Repeat the records. Leave nothing out.

Provided information: Begin

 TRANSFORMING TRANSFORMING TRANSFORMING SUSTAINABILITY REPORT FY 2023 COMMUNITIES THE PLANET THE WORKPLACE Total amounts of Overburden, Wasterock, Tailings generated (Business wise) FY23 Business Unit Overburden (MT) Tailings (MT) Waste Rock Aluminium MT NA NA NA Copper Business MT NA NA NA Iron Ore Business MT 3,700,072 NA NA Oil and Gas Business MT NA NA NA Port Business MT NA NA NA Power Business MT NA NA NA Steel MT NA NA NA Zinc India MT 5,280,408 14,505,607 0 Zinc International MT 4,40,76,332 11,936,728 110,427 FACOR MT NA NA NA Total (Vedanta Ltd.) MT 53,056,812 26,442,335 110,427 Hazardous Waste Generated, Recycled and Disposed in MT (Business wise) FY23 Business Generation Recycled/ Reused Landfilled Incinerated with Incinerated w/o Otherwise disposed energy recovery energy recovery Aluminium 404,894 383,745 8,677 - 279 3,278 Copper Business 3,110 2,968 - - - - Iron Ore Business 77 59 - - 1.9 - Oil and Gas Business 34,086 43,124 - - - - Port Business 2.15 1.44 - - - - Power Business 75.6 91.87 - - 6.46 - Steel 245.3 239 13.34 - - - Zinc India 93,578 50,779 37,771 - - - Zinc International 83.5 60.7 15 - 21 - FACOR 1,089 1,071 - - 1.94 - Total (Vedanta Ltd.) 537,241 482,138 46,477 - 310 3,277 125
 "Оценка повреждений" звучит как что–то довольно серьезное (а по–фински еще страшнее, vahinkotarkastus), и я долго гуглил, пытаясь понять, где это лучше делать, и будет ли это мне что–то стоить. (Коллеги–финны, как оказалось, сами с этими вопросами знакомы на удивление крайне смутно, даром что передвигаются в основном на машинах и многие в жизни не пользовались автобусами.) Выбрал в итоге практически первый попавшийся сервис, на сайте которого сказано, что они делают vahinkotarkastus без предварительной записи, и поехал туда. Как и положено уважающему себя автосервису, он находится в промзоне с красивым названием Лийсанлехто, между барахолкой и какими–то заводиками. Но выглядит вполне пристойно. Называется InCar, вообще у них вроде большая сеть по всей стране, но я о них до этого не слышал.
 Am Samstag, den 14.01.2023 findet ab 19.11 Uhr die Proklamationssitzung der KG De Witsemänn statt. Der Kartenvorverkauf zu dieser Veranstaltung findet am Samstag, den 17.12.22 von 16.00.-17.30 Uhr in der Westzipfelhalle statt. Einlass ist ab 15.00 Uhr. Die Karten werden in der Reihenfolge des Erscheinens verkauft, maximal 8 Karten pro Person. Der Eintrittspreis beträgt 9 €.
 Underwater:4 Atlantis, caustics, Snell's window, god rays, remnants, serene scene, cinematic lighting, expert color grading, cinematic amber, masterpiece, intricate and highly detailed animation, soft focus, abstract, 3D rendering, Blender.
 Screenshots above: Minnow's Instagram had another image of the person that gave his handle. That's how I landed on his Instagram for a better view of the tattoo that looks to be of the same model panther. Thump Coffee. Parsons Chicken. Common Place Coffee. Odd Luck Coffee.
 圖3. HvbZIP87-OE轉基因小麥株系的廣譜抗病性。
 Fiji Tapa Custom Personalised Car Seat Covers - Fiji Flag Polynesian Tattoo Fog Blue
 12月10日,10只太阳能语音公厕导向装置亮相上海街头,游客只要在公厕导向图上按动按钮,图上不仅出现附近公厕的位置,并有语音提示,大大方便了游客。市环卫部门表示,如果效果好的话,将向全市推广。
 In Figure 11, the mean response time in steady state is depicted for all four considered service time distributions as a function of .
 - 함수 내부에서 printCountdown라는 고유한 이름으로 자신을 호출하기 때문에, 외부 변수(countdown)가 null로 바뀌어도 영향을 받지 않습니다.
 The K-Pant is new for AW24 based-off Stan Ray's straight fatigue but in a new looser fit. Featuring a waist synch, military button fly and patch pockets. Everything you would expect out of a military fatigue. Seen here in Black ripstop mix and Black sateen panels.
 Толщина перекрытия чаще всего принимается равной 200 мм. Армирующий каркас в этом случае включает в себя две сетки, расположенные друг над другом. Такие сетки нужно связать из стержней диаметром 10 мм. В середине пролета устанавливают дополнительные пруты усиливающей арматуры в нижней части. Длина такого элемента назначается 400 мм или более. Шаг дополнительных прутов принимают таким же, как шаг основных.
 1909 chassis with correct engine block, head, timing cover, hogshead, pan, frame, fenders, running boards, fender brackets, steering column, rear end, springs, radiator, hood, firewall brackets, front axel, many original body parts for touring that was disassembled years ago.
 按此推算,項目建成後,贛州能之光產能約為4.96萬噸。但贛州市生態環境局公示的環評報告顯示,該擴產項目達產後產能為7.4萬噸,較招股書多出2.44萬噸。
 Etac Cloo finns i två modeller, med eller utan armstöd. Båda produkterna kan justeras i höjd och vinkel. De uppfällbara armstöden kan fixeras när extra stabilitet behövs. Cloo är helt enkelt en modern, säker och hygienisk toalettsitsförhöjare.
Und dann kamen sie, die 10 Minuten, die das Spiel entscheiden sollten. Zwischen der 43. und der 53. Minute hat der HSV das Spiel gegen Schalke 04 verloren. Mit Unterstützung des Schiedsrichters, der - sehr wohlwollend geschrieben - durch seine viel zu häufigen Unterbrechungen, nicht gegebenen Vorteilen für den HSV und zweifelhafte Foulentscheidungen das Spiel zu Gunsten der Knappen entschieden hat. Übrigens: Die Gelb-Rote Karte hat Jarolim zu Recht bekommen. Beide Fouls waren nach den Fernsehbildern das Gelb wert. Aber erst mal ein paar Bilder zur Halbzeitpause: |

Provided information: End

:: Exercise output ::
 TRANSFORMING TRANSFORMING TRANSFORMING SUSTAINABILITY REPORT FY 2023 COMMUNITIES THE PLANET THE WORKPLACE Total amounts of Overburden, Wasterock, Tailings generated (Business wise) FY23 Business Unit Overburden (MT) Tailings (MT) Waste Rock Aluminium MT NA NA NA Copper Business MT NA NA NA Iron Ore Business MT 3,700,072 NA NA Oil and Gas Business MT NA NA NA Port Business MT NA NA NA Power Business MT NA NA NA Steel MT NA NA NA Zinc India MT 5,280,408 14,505,607 0 Zinc International MT 4,40,76,332 11,936,728 110,427 FACOR MT NA NA NA Total (Vedanta Ltd.) MT 53,056,812 26,442,335 110,427 Hazardous Waste Generated, Recycled and Disposed in MT (Business wise) FY23 Business Generation Recycled/ Reused Landfilled Incinerated with Incinerated w/o Otherwise disposed energy recovery energy recovery Aluminium 404,894 383,745 8,677 - 279 3,278 Copper Business 3,110 2,968 - - - - Iron Ore Business 77 59 - - 1.9 - Oil and Gas Business 34,086 43,124 - - - - Port Business 2.15 1.44 - - - - Power Business 75.6 91.87 - - 6.46 - Steel 245.3 239 13.34 - - - Zinc India 93,578 50,779 37,771 - - - Zinc International 83.5 60.7 15 - 21 - FACOR 1,089 1,071 - - 1.94 - Total (Vedanta Ltd.) 537,241 482,138 46,477 - 310 3,277 125
 "Оценка повреждений" звучит как что–то довольно серьезное (а по–фински еще страшнее, vahinkotarkastus), и я долго гуглил, пытаясь понять, где это лучше делать, и будет ли это мне что–то стоить. (Коллеги–финны, как оказалось, сами с этими вопросами знакомы на удивление крайне смутно, даром что передвигаются в основном на машинах и многие в жизни не пользовались автобусами.) Выбрал в итоге практически первый попавшийся сервис, на сайте которого сказано, что они делают vahinkotarkastus без предварительной записи, и поехал туда. Как и положено уважающему себя автосервису, он находится в промзоне с красивым названием Лийсанлехто, между барахолкой и какими–то заводиками. Но выглядит вполне пристойно. Называется InCar, вообще у них вроде большая сеть по всей стране, но я о них до этого не слышал.
 Am Samstag, den 14.01.2023 findet ab 19.11 Uhr die Proklamationssitzung der KG De Witsemänn statt. Der Kartenvorverkauf zu dieser Veranstaltung findet am Samstag, den 17.12.22 von 16.00.-17.30 Uhr in der Westzipfelhalle statt. Einlass ist ab 15.00 Uhr. Die Karten werden in der Reihenfolge des Erscheinens verkauft, maximal 8 Karten pro Person. Der Eintrittspreis beträgt 9 €.
 Underwater:4 Atlantis, caustics, Snell's window, god rays, remnants, serene scene, cinematic lighting, expert color grading, cinematic amber, masterpiece, intricate and highly detailed animation, soft focus, abstract, 3D rendering, Blender.
 Screenshots above: Minnow's Instagram had another image of the person that gave his handle. That's how I landed on his Instagram for a better view of the tattoo that looks to be of the same model panther. Thump Coffee. Parsons Chicken. Common Place Coffee. Odd Luck Coffee.
 圖3. HvbZIP87-OE轉基因小麥株系的廣譜抗病性。
 Fiji Tapa Custom Personalised Car Seat Covers - Fiji Flag Polynesian Tattoo Fog Blue
 12月10日,10只太阳能语音公厕导向装置亮相上海街头,游客只要在公厕导向图上按动按钮,图上不仅出现附近公厕的位置,并有语音提示,大大方便了游客。市环卫部门表示,如果效果好的话,将向全市推广。
 In Figure 11, the mean response time in steady state is depicted for all four considered service time distributions as a function of .
 - 함수 내부에서 printCountdown라는 고유한 이름으로 자신을 호출하기 때문에, 외부 변수(countdown)가 null로 바뀌어도 영향을 받지 않습니다.
 The K-Pant is new for AW24 based-off Stan Ray's straight fatigue but in a new looser fit. Featuring a waist synch, military button fly and patch pockets. Everything you would expect out of a military fatigue. Seen here in Black ripstop mix and Black sateen panels.
 Толщина перекрытия чаще всего принимается равной 200 мм. Армирующий каркас в этом случае включает в себя две сетки, расположенные друг над другом. Такие сетки нужно связать из стержней диаметром 10 мм. В середине пролета устанавливают дополнительные пруты усиливающей арматуры в нижней части. Длина такого элемента назначается 400 мм или более. Шаг дополнительных прутов принимают таким же, как шаг основных.
 1909 chassis with correct engine block, head, timing cover, hogshead, pan, frame, fenders, running boards, fender brackets, steering column, rear end, springs, radiator, hood, firewall brackets, front axel, many original body parts for touring that was disassembled years ago.
 按此推算,項目建成後,贛州能之光產能約為4.96萬噸。但贛州市生態環境局公示的環評報告顯示,該擴產項目達產後產能為7.4萬噸,較招股書多出2.44萬噸。
 Etac Cloo finns i två modeller, med eller utan armstöd. Båda produkterna kan justeras i höjd och vinkel. De uppfällbara armstöden kan fixeras när extra stabilitet behövs. Cloo är helt enkelt en modern, säker och hygienisk toalettsitsförhöjare.
Und dann kamen sie, die 10 Minuten, die das Spiel entscheiden sollten. Zwischen der 43. und der 53. Minute hat der HSV das Spiel gegen Schalke 04 verloren. Mit Unterstützung des Schiedsrichters, der - sehr wohlwollend geschrieben - durch seine viel zu häufigen Unterbrechungen, nicht gegebenen Vorteilen für den HSV und zweifelhafte Foulentscheidungen das Spiel zu Gunsten der Knappen entschieden hat. Übrigens: Die Gelb-Rote Karte hat Jarolim zu Recht bekommen. Beide Fouls waren nach den Fernsehbildern das Gelb wert. Aber erst mal ein paar Bilder zur Halbzeitpause: |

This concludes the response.